Any ideas how to fix this?

May 20 '23 13:05 ggerganov

@ggerganov I think you're on an old version of transformers Try updating it: pip install -U transformers

May 20 '23 14:05 NouamaneTazi

@ggerganov I've been trying to increase context's memory pool by modifying this part of the code

        ctx_size += 10 * 1024 * 1024; // TODO: tune this

        printf("%s: ggml ctx size = %6.2f MB\n", __func__, ctx_size/(1024.0*1024.0));

but it doesnt seem to affect ctx->mem_size because the error message is always the same: ggml_new_tensor_impl: not enough space in the context's memory pool (needed 268637760, available 268435456) ( ctx->mem_size = 268435456 where it should be more)

Any idea how to increase ctx->mem_size?

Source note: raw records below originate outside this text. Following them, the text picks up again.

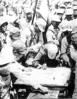 中國(guó)第五軍士兵在誓殺倭寇的決心書(shū)上簽名 1932年2月4日,鹽澤幸一撤職后,日軍第三艦隊(duì)司令官野村吉三郎中將接任上海日軍總指揮,并調(diào)植松煉磨少將為海軍陸戰(zhàn)隊(duì)指揮官。同時(shí),日本陸軍中央部調(diào)派陸軍第九師和混成第二十四旅增援上海作戰(zhàn)。 增援上海的日軍混成第二十四旅,于2月6日在佐世保集中啟航。駛向吳淞口。為掩護(hù)該部登陸。日本上海陸戰(zhàn)隊(duì)在植松少將指揮下,從7日7時(shí)50分開(kāi)始,集中全力進(jìn)攻吳淞,日軍先以飛機(jī)10架,沿淞滬鐵路線轟炸中國(guó)守軍陣地,繼以陸戰(zhàn)隊(duì)猛攻吳淞地區(qū)中國(guó)守軍第一五六旅第四團(tuán)陣地。同時(shí)集中軍艦24艘、火炮30余門(mén)、飛機(jī)20余架,對(duì)蘊(yùn)藻浜車(chē)站、吳淞鎮(zhèn)、獅子林炮臺(tái)實(shí)施轟擊,配合地面進(jìn)攻,守軍浴血抗擊,戰(zhàn)至12時(shí),將日軍擊退。 8日拂曉,日軍混成第二十四旅分三路向張華浜、蘊(yùn)藻浜、吳淞鎮(zhèn)進(jìn)攻。日海軍司令部發(fā)言人于10時(shí)向美駐滬記者揚(yáng)言,日軍決心在午前占領(lǐng)吳淞。至傍晚,日軍攻擊達(dá)10余次,均遭失敗。23時(shí)許,日軍向引翔港、楊樹(shù)浦、狄思威路退卻。日軍在進(jìn)攻吳淞的同時(shí),以一部兵力在紀(jì)家橋偷渡,企圖襲擊守軍后路,被守軍發(fā)覺(jué)擊退。另以一部兵力向八字橋、江灣進(jìn)攻,企圖攻占江灣、大場(chǎng),截?cái)鄥卿潦剀娕c閘北之間的聯(lián)系,亦未得逞。 10日,中目守軍第一二二旅第六團(tuán)由劉家行進(jìn)至楊家行,防守胡害莊沿蘊(yùn)藻浜北岸至吳淞之線。請(qǐng)纓赴援的張治中第五軍第八十六師第二六一旅于12日由南翔進(jìn)至嘉定,并派一個(gè)團(tuán)接替羅店第一二二旅第四團(tuán)之防務(wù)。 11日.野村對(duì)西方記者宣稱(chēng):“日軍渡過(guò)蘊(yùn)藻浜之日,即為日軍行動(dòng)終止之時(shí)。”“日軍在吳淞踏平華軍壕溝之日,為時(shí)不遠(yuǎn),請(qǐng)諸君拭目相觀,屆時(shí)即可結(jié)束華東之抵抗”。12日,日軍混成第二十四旅為在蘊(yùn)藻浜北岸奪取進(jìn)攻吳淞的支撐點(diǎn),兩度在紀(jì)家橋附近架橋,均遭失敗。12日晚,日軍利用夜暗在紀(jì)家橋附近架橋成功。13日拂曉,日軍在煙幕彈掩護(hù)下強(qiáng)渡蘊(yùn)藻浜,在曹家橋附近突破守軍防線,第十九路軍急調(diào)第六十師第一二二旅增援,將渡河日軍包圍。日軍數(shù)次突圍均遭失敗,雙方展開(kāi)肉搏格。被圍日軍在其救援部隊(duì)接應(yīng)下拼力突圍,但僅有少數(shù)突圍后被救援部隊(duì)收容后撤,大部被殲。同日,日軍在江灣、閘北地區(qū)亦以一部兵力進(jìn)攻。14日拂曉,日軍再各以一部兵力分別進(jìn)攻江灣、八字橋、青云路、天通庵路等處,均被守軍擊退。至此,日軍已無(wú)力組織新的進(jìn)攻,被迫原地固守待援,并在英、美、法、意等國(guó)公使出面調(diào)停下,再次處于休戰(zhàn)狀態(tài)。野村企圖從幾路包抄吳淞中國(guó)守軍的計(jì)劃,終被粉碎。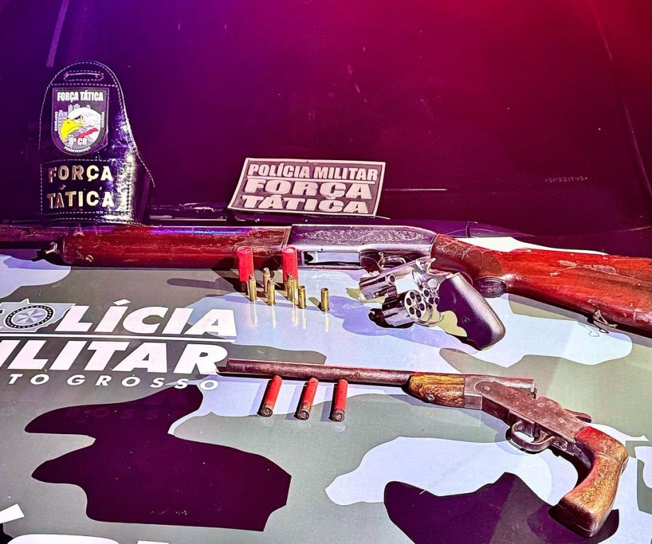 Com a quadrilha, os policiais militares apreenderam uma espingarda calibre 12, uma garrucha calibre 36 e um revólver calibre 38, além de onze munições.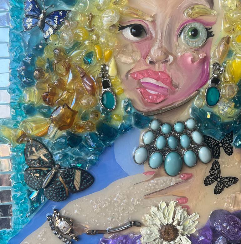 Aria means beautiful voice. Aria sings and can’t help but attract whimsy, light, & dreams. She embodies imagination with her siren songs. Aria is composed of a wide array of media; including oil paint, glass, mirrors, jewelry, & found objects. This work has many layers, like Aria’s soulf...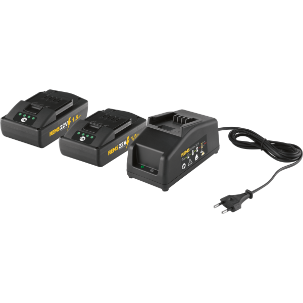 REMS 571589 R220 opladningspakke "Power-Pack" indeholdende 2 stk 21.6 V 1.5Ah batterier til REMS 22V Technology maskiner komplet med oplader.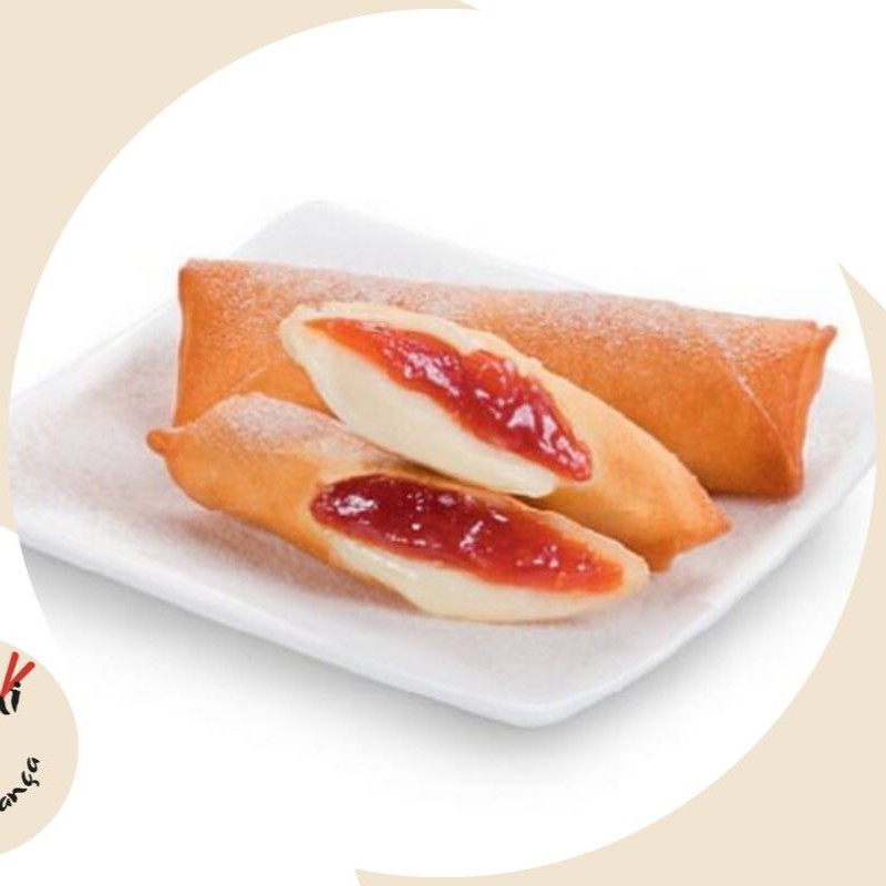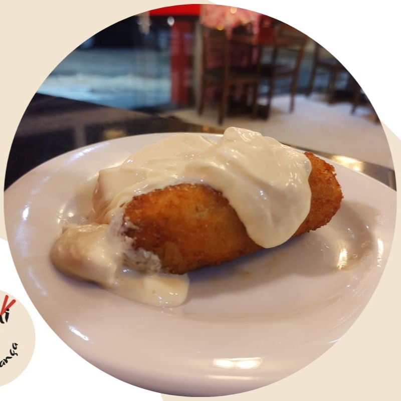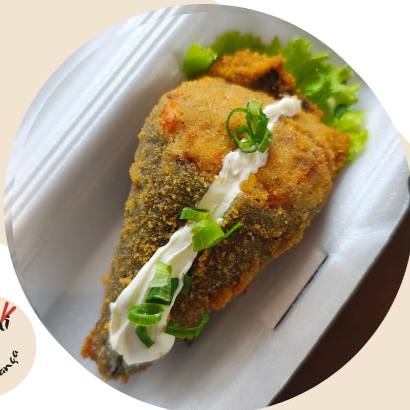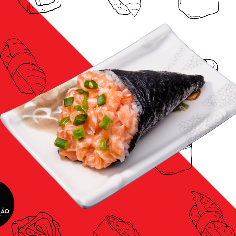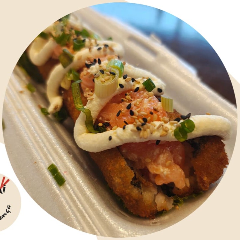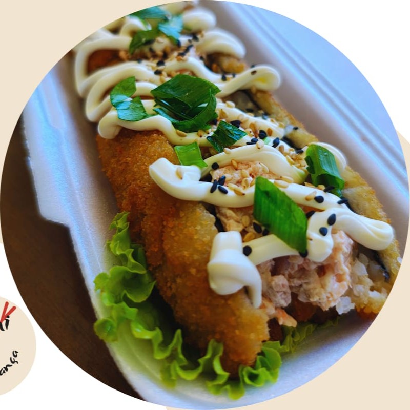 Temaki empanado na farinha panko e frito, com recheio de salmão grelhado com cream cheese e cebolinha.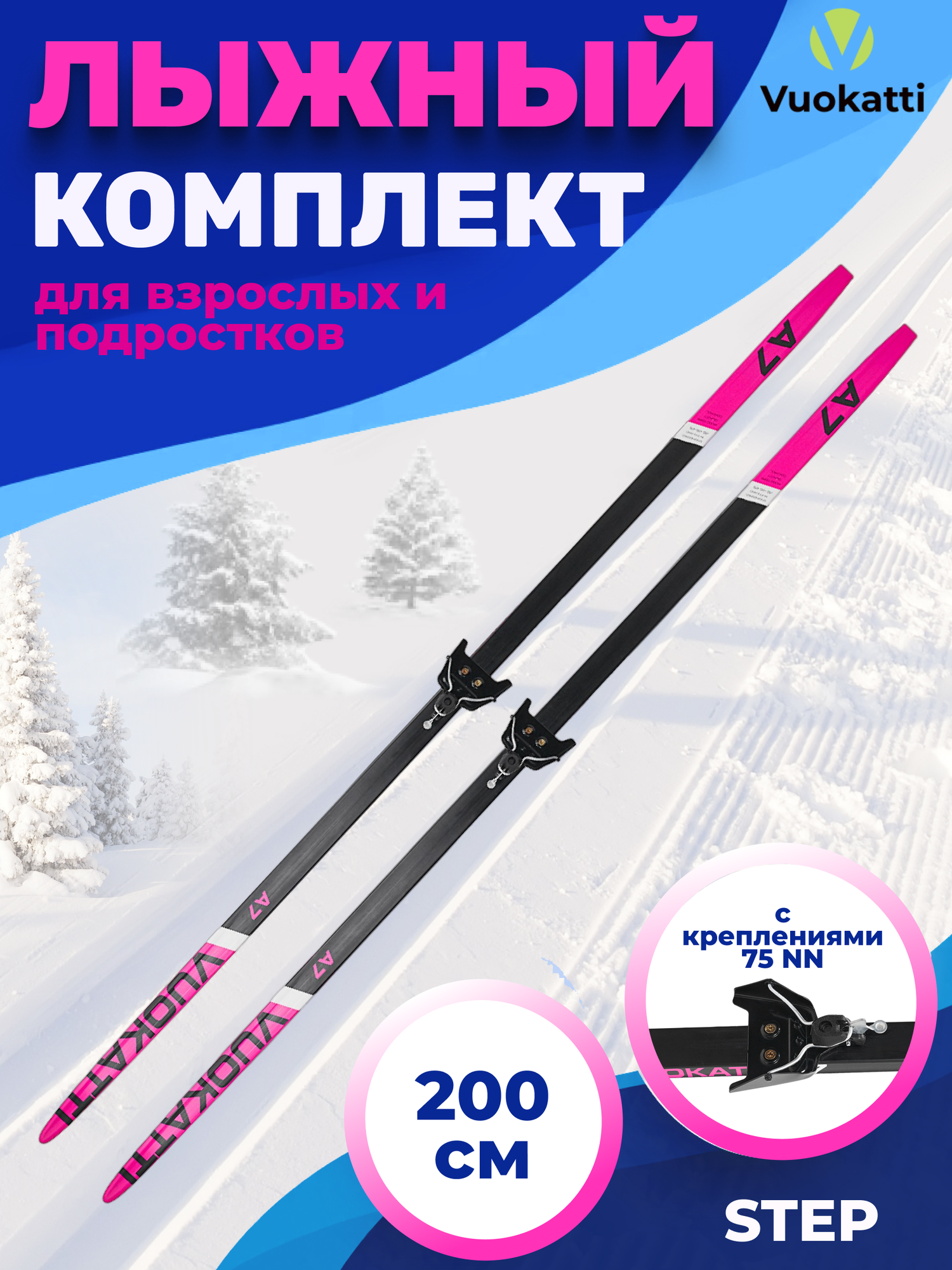 Купить Беговые лыжи комплект VUOKATTI 200 см с креплением 75 мм Step Black/Magenta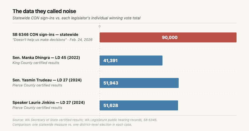 To put 90,000 in electoral terms: Washington has 49 legislative districts. Distributed statewide, that averages roughly 1,800 CON sign-ins per district. The 2024 state Senate race in the 10th district was decided by 153 votes. The House race in the 17th district was decided by fewer than 200. Several competitive seats turned on margins smaller than the number of people in those districts who showed up to oppose this bill. Legislators are not dismissing a fringe signal. They are dismissing a constituency that is, in several of their districts, larger than their margin of victory.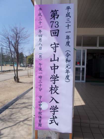 4月8日(月)午後1時30分から入学式が始まりました。入学呼名では立派な返事が響き渡り、意欲あふれるその姿に周囲の皆さんからは今年の入学生の返事は、とても立派であるとお褒めの言葉が式後に聞かれるほどでした。校長先生委の式辞の中では夢が叶う学校作りを目指している守山中であること。新入生には「学ぶ」ことに一生懸命取り組んでほしいこと。「人を思いやる心」を大切にしていってほしいということ。「たくましい体」を作ることのお話がありました。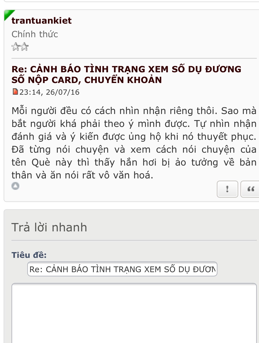 Em gái đừng ngậm máu phun người nếu em ko có chứng cứ. Em có dám thề với anh nếu em là quách xảo què thì cả nhà em bị xe cán chết không.Tay Do Dao Si đã viết:ni cô xuống núi đã viết:Làm gì chưa cần biết mà lấy nick bác Tây Đô để mạo danh vào chửi bới là tư cách ko đàng hoàng rồi. Mấy thể loại này chuyên núp bóng đêm cắn trộm ko nên quan tâm nhìu.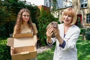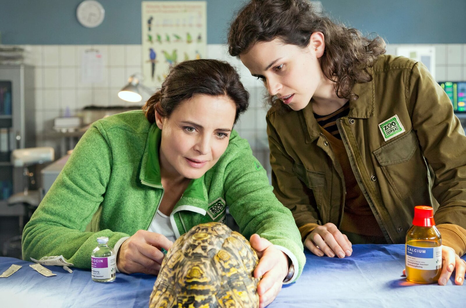 VorfreudeDas Ei ploppt nicht! Tierärztin Susanne Mertens (Elisabeth Lanz, l.) und ihre Assistenzärztin Karoline Schneider (Maxine Kasiz, r.) versuchen bei der Schildkröte die Geburt mit einem Medikament einzuleiten, das eigentlich für Menschen bestimmt ist.Bild: © MDR/ARD/Steffen Junghans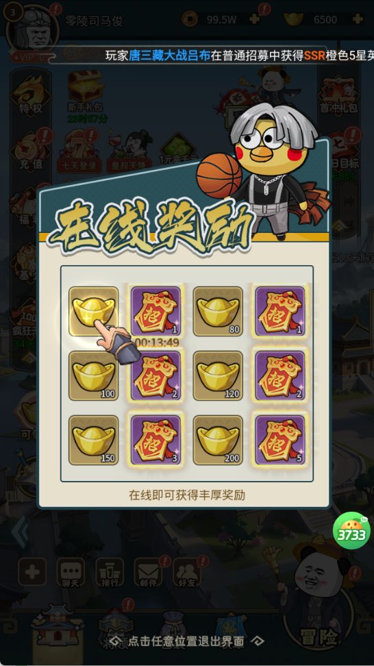 保持在线即可定时领取元宝、招募券,零成本积累核心道具。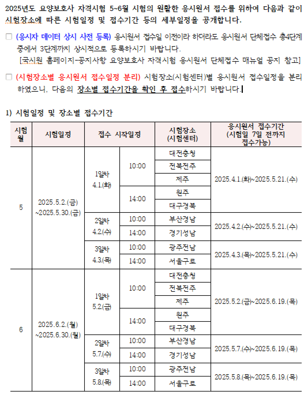 요양보호사 자격 시험은 응시원서의 원활한 접수를 위해 사전 안내하고 있다. 아래는 2025년 5~6월 응시원서 접수 안내이다. 전체 일정을 확인하고 싶으면 아래의 시험 일정 전용 페이지를 확인해 보자.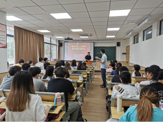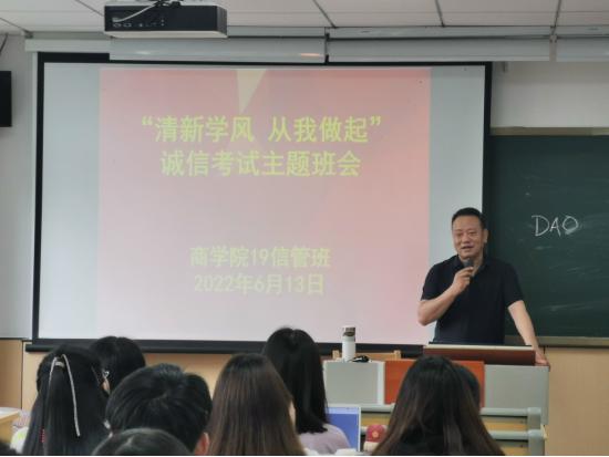19级信管班全体学生在包氏教学楼6号楼106室举办诚信考试主题班会,会议由班长卢静芝主持,由副院长陈涛、班主任王昕天主讲。此次主题班会的举办,目的在于关心了解学生现状,同时积极树立诚实考试、诚信做人的作风,增强学生诚信意识,彰显新时代大学生良好的思想道德精神风貌。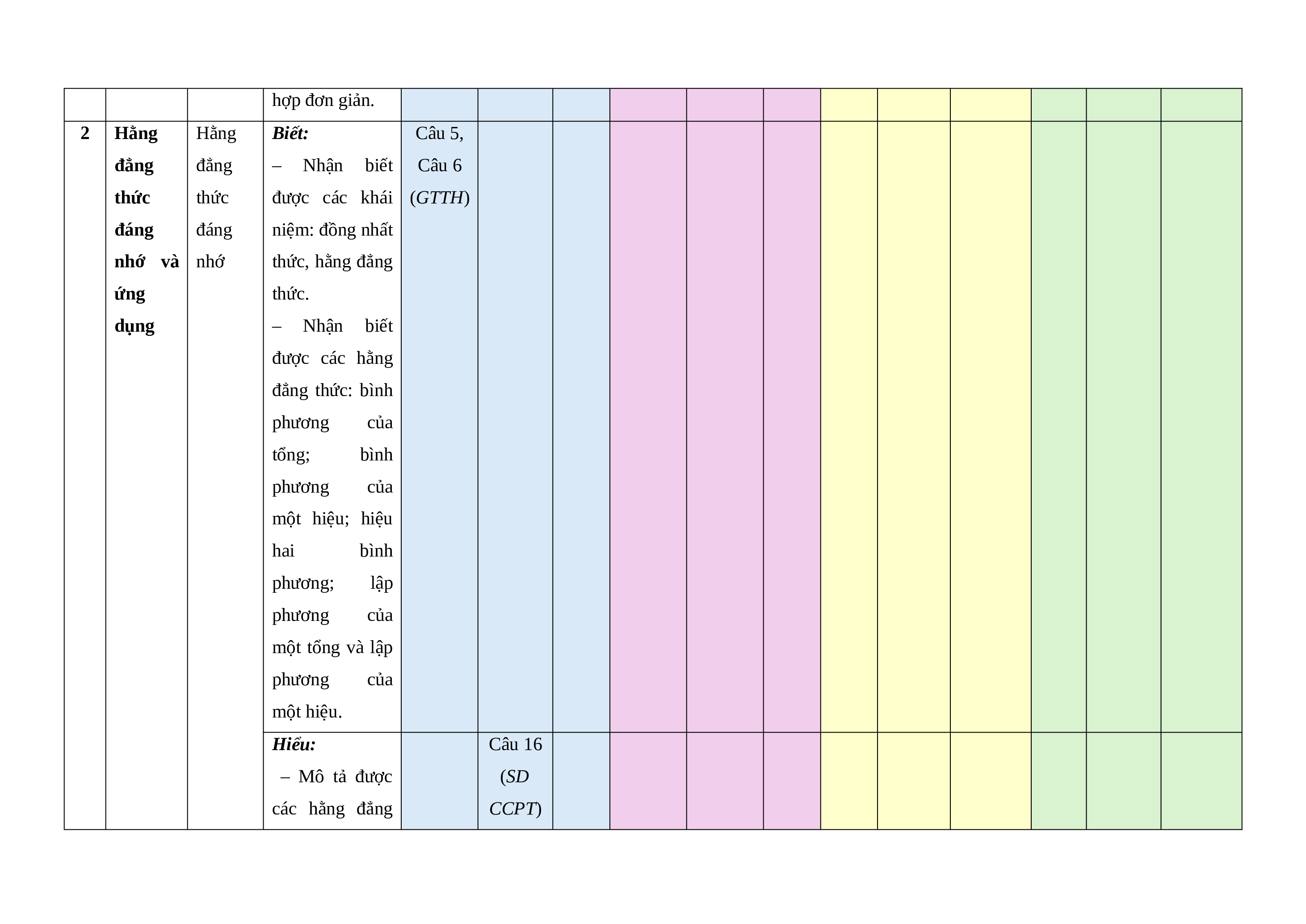 đa thức nhiều (GTTH) 13c Các biến, đơn thức (GTTH) phép và đa thức thu toán gọn. cộng, – Nhận biết hệ trừ, số, phần biến, nhân, bậc của đơn chia thức và bậc của các đa đa thức. thức – Nhận biết các nhiều đơn thức đồng biến dạng. Hiểu: Câu 4 Câu Câu 15 – Tính được giá (SD 13d (SD trị của đa thức CCPT) (SD CCPT) khi biết giá trị CCPT) của các biến. – Thực hiện được việc thu gọn đơn thức, đa thức. – Thực hiện được các phép tính: phép cộng, phép trừ, phép nhân các đa thức nhiều biến trong những trường hợp đơn giản. – Thực hiện được phép chia hết một đa thức cho một đơn thức trong những trường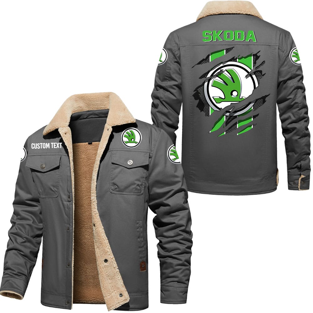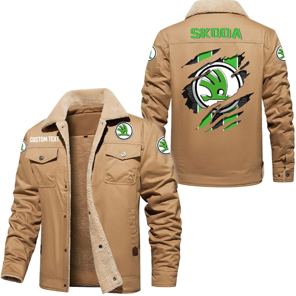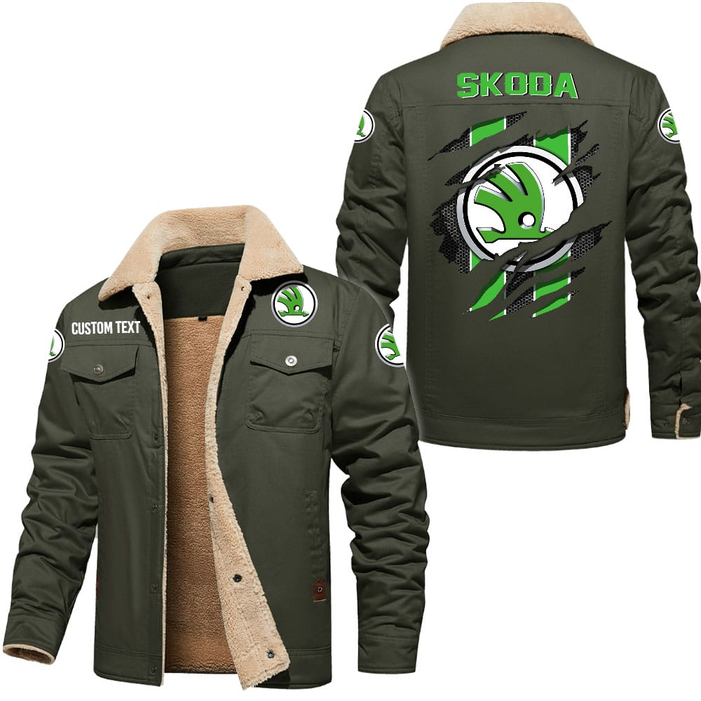 Skoda Logo Custom Name Cargo Fleece Lined Cotton Jacket

Relevant PR

May 20 '23 15:05 NouamaneTazi

The problem is in the "eval" context:

https://github.com/ggerganov/ggml/blob/c2fab8a3503b6e6fbf480be993f24c21951d3af0/examples/starcoder/main.cpp#L415-L431

Currently, it starts with a 256 MB buffer and is increased based on N. But this does not take into account n_past and in general is a very memory wasteful approach since the entire compute graph results are stored in this buffer.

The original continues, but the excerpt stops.